For reference, here you may find definitions for terms related to MADA+TOKAN, Arabic, and Natural Language Processing in general. This page is meant to help users of MADA who are new to nuances of Arabic NLP.
affix - A morpheme that attaches to the stem of a word, either at the beginning (prefix), end (suffix) or surroundin the stem (circumfix). Unlike clitics, affixes are syntactically and phonologically part of the word they attach to.
ATB (or PATB) - Abbreviation for Penn Arabic Treebank. Also a name for a common tokenization scheme which segments all clitics except the Al+ determiner.
Buckwalter encoding - a strict, one-to-one transliteration of Modern Standard Arabic script characters to ASCII invented by lexicographer Tim Buckwalter. A chart showing the Buckwalter character mapping.
clitic - A morpheme that has syntactic characteristics of a word but is phonologically bound to another word (usually directly, like an affix, but sometime unattached). Proclitics attach to the beginning of the word; enclitics attach to the end.
diacritics - In Arabic, optional symbols used to represent short vowels (vowel diacritics), indefiniteness (nunation diacritics), or consonant doubling (shadda diacritics). In Arabic writing, the inclusion of these symbols is optional; a given word may have all, some or none of the diacritics it possesses when the word is spoken. Diacritization is the process of recovering/generating missing diacritics for undiacritized text. In MADA, the diacritized form (or diac, for short) is the form of the word with all of its diacritics in place.
form-based morphology - the study of the form of units making up words, their interactions with each other and how they relate to the word's overall form.

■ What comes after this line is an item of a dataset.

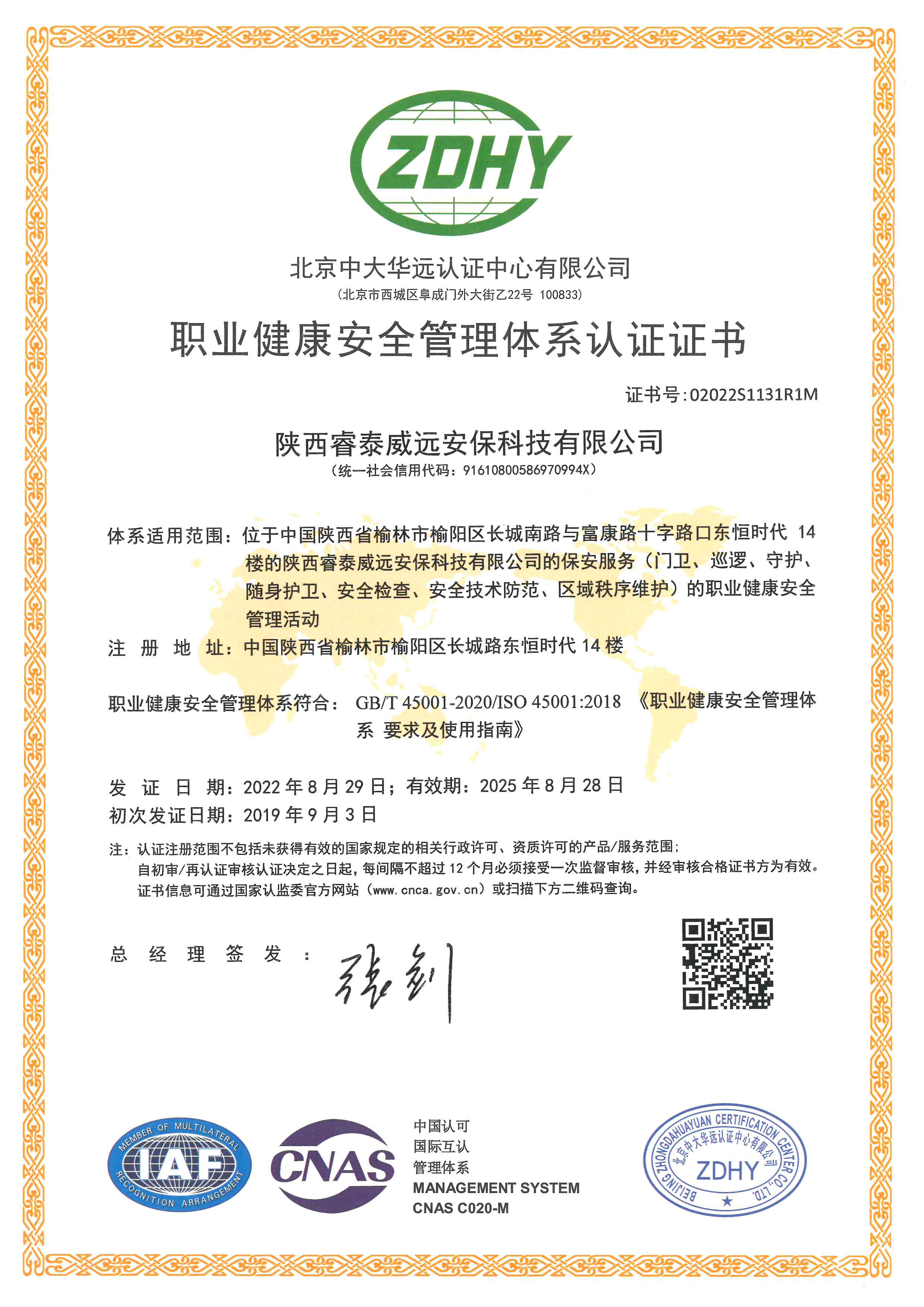 職業(yè)健康安全管理體系認(rèn)證證書(shū)

functional morphology - the study of the function of units inside words and how they affect syntax and semantics.
gloss - A direct, simple and context-free translation of the word as might be found in a dictionary.

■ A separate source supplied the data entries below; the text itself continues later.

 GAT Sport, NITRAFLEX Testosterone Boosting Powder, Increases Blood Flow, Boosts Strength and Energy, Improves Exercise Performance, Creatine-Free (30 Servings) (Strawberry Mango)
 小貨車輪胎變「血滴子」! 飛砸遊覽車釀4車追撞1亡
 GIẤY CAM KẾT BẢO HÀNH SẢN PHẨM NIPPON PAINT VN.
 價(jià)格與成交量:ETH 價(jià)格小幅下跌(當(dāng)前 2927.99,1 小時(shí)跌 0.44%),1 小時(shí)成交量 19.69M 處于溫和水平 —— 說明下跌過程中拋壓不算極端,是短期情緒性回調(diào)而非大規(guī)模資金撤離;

lemma - a conventional choice of one word to represent a particular lexeme (set); i.e., one word used to represent all words having the same core meaning and have only infection and clitic differences. Also referred to as the citation form. Lemmatization is the process of mapping a given word to its corresponding lemma.
lexeme - a lexicographic abstraction indicating the set of all words that share a core meaning and differ only in inflection and cliticization.

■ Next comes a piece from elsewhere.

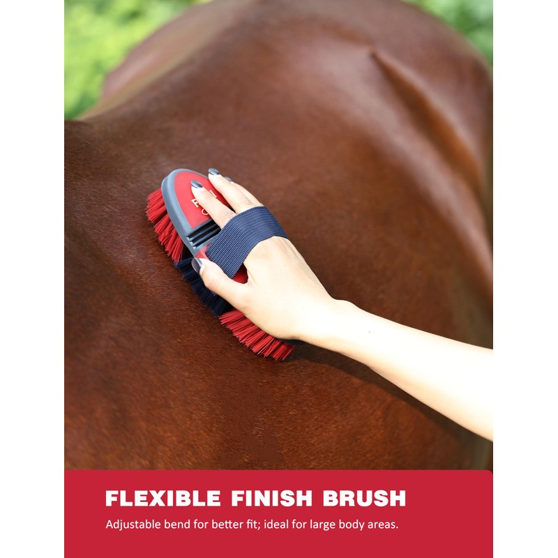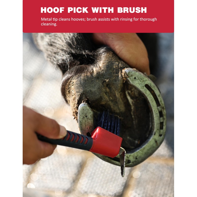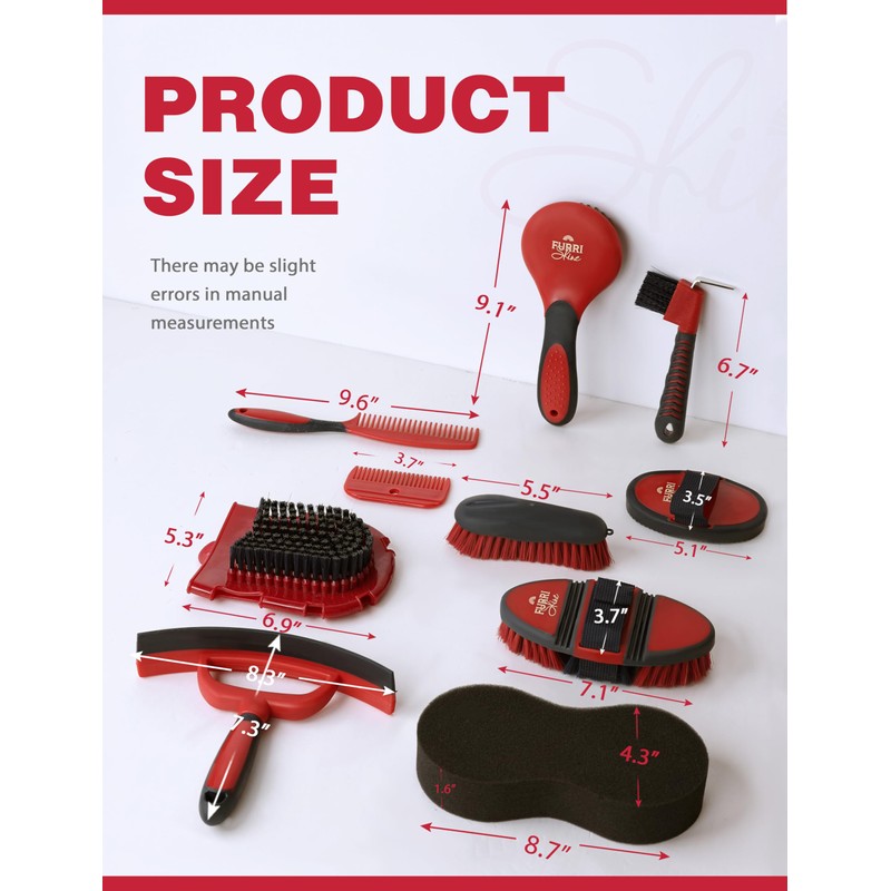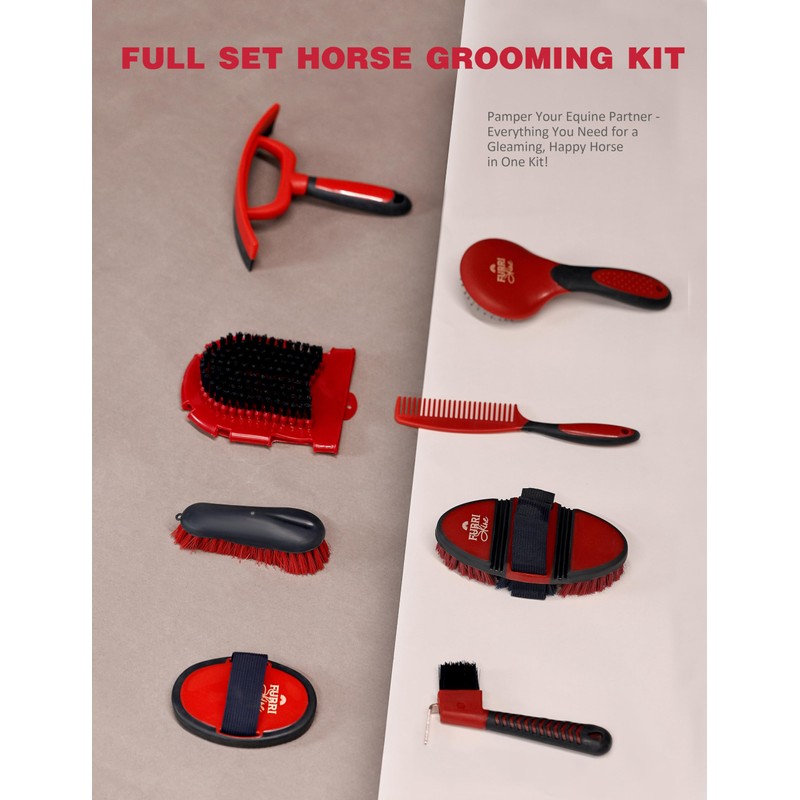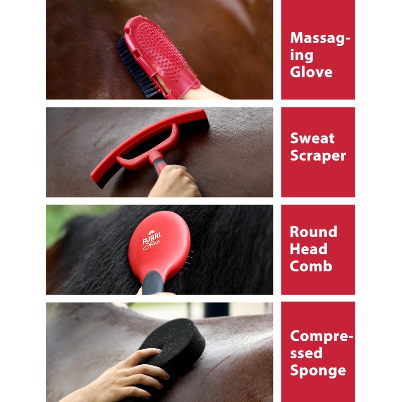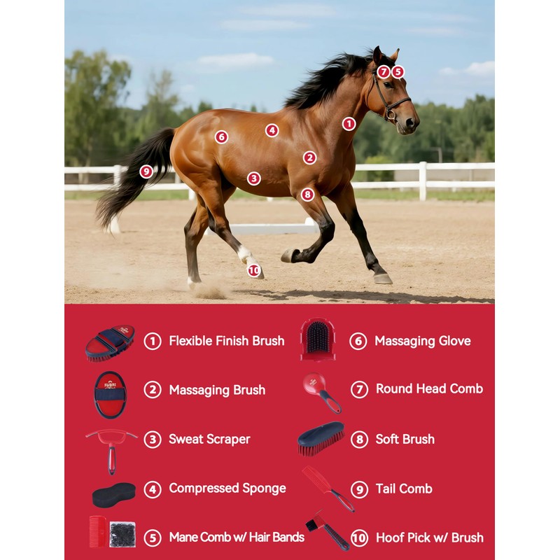 - 11-Piece Grooming Kit Includes: This horse grooming kit includes Flexible Finish Brush, Massaging Brush, Sweat Scraper, Compressed Sponge, Massaging Glove, Round Head Comb, Soft Brush, Tail Comb, Hoof Pick w/ Brush, and Mane Comb w/ Hair Bands. This comprehensive set provides everything you need for a full grooming routine - from deep cleaning and detangling to final styling touches.

morpheme - the smallest meaningful unit in a language.
morphological analysis - as a verb, the process by which a word has all its possible morphological analyses determined. In MADA, a morphological analysis consists of the set of morphlogical feature values (the part-of-speech, gender, case, voice, mood, etc.), along with the gloss, lemma and diacritical forms of the word. The full list of the features MADA uses and their possible values can be found in the MADA User Manual.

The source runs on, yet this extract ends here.